Records from a data source

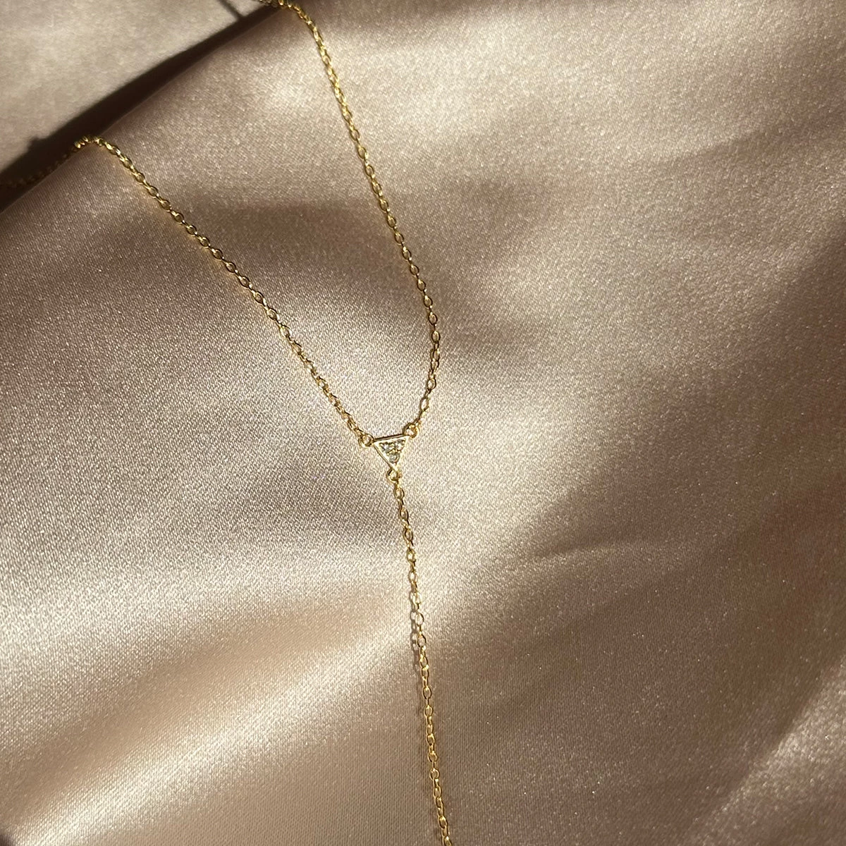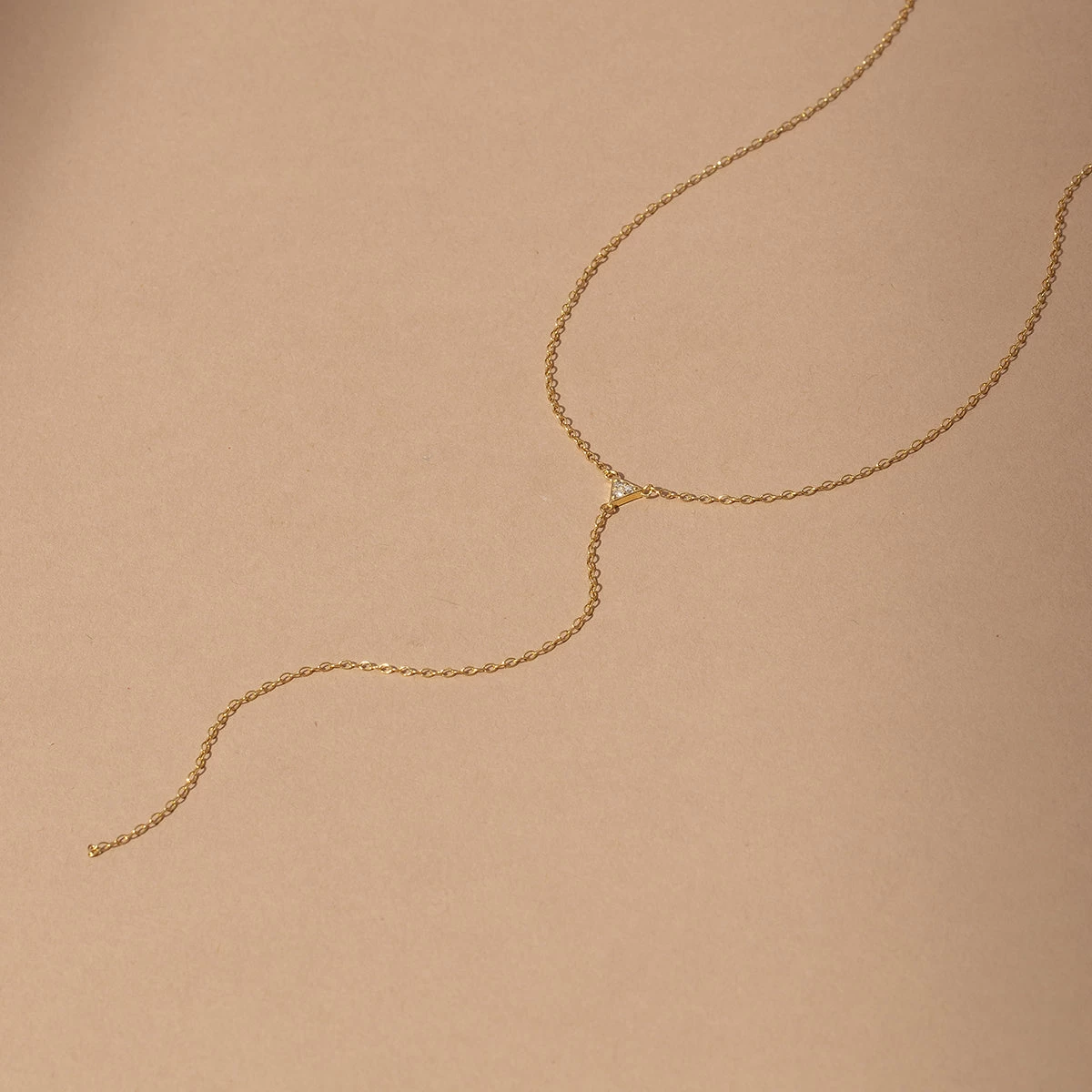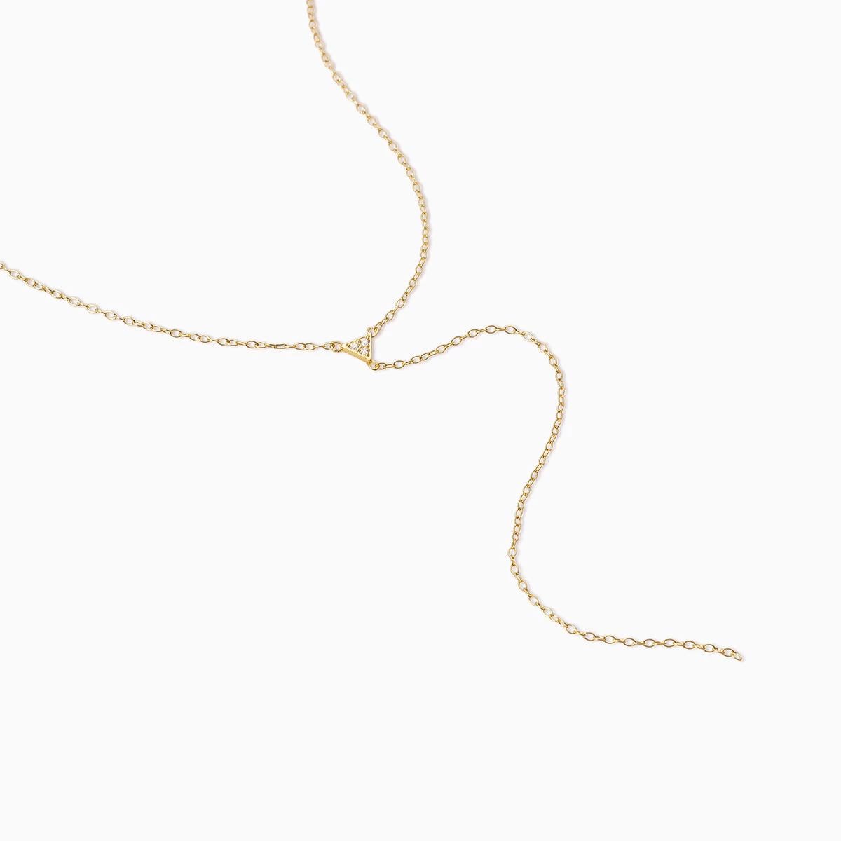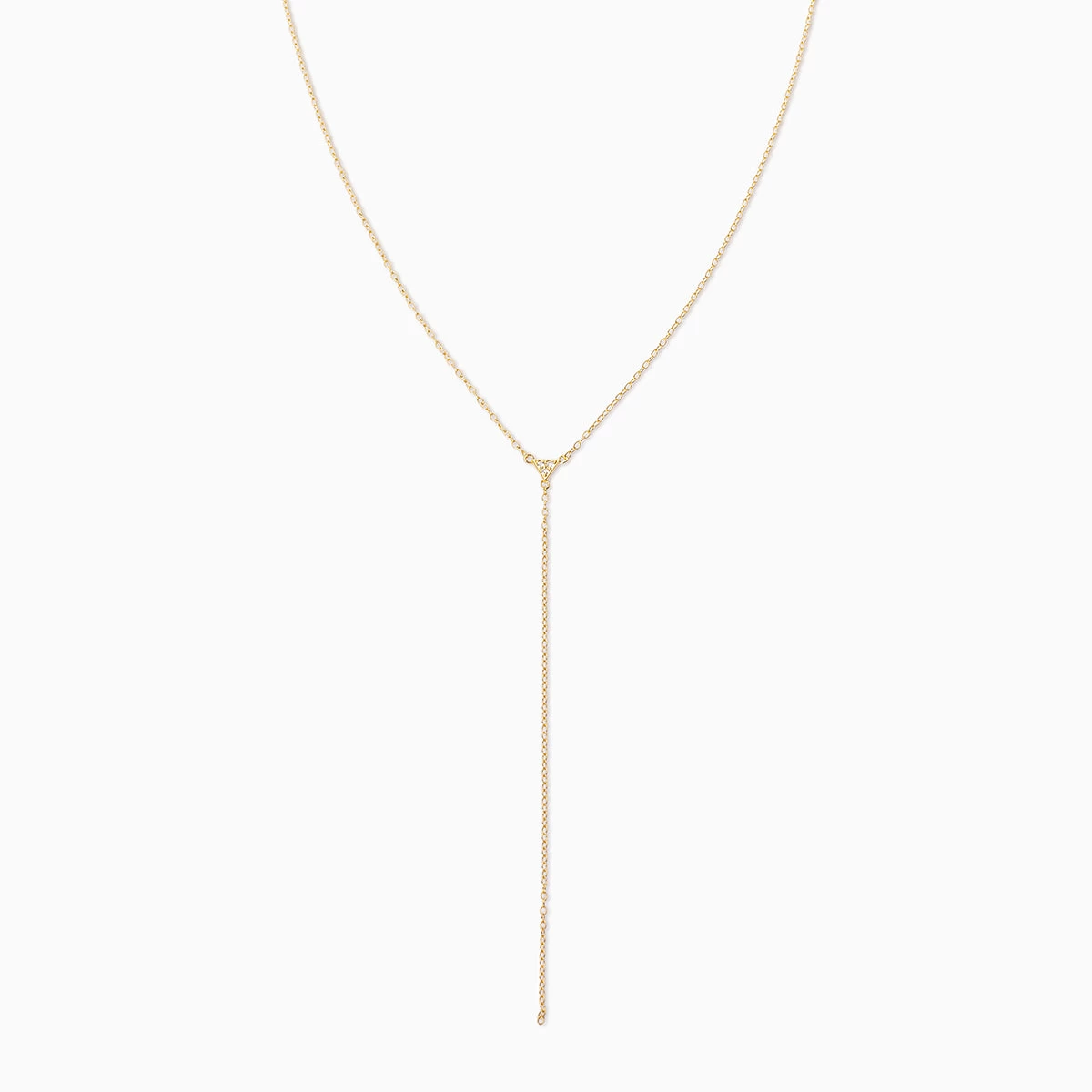 You’ve been waiting for a Vermeil lariat and the moment has finally arrived! Our Triangle Diamond Vermeil Lariat Necklace is crafted with 18k gold over sterling silver and includes a real, slightly included round-cut diamond front and center.
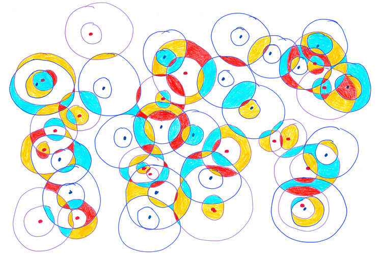 Je zwei Kinder erarbeiten ein gemeinsames Bild aus Kreisen. Zuerst setzen beide Kinder abwechselnd und mit geschlossenen Augen eine vorgegebene Anzahl von Punkten auf das leere Blatt. Das sind die Tropfen, die auf das Wasser treffen. Freihändig zeichnen sie um jeden Punkt zwei beliebig große Kreise und leiten dabei die Eigenschaften eines perfekten Kreises ab: Die Kreislinie muss immer den gleichen Abstand zum Mittelpunkt haben. Das ist nicht einfach zu zeichnen, denn die Kreise überschneiden sich.
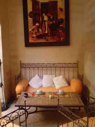 I think I stayed in the Jasmine room. The riad has lots of lovely little places to sit down and relax, or sunbathe on the roof - and they will bring you water or a tray of tea and pastries anytime you want - they really look after you - but if you want to eat dinner you normally have to book in advance - as they have to go to the market.
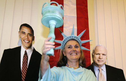 11月4日,美國(guó)駐倫敦使館,一名使館工作人員裝扮成自由女神。
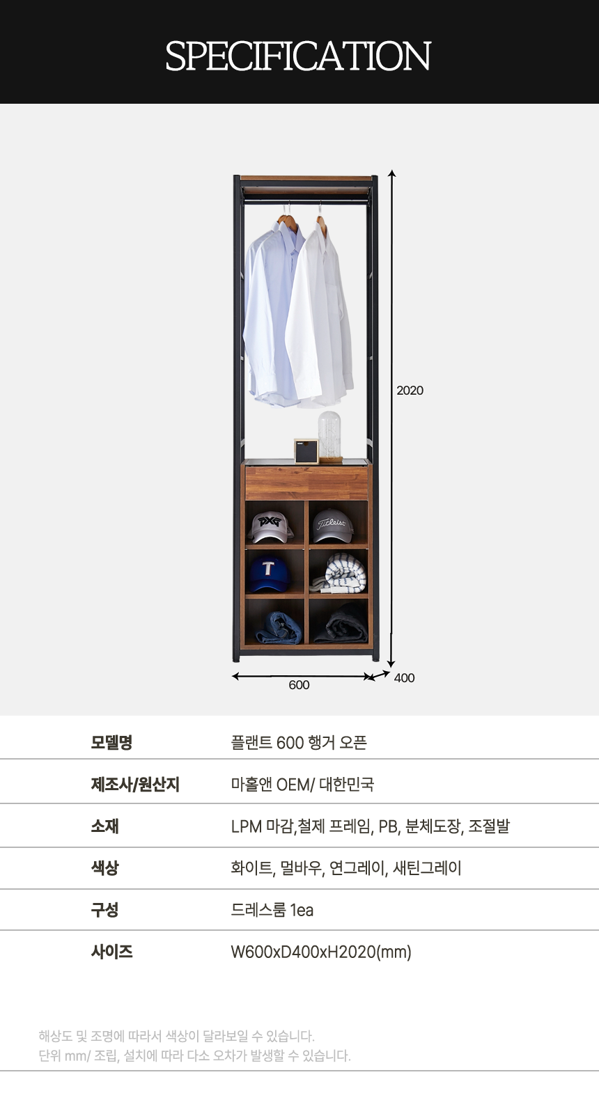 마홀앤 플랜트 시스템 드레스룸 수납장 600 행거오픈형

TASK ITEM: Please output, exactly and with no pictures, only the lines from the one containing "I think I stayed" through the final line of the records above.

YOUR SOLUTION:
 I think I stayed in the Jasmine room. The riad has lots of lovely little places to sit down and relax, or sunbathe on the roof - and they will bring you water or a tray of tea and pastries anytime you want - they really look after you - but if you want to eat dinner you normally have to book in advance - as they have to go to the market.
 11月4日,美國(guó)駐倫敦使館,一名使館工作人員裝扮成自由女神。
 마홀앤 플랜트 시스템 드레스룸 수납장 600 행거오픈형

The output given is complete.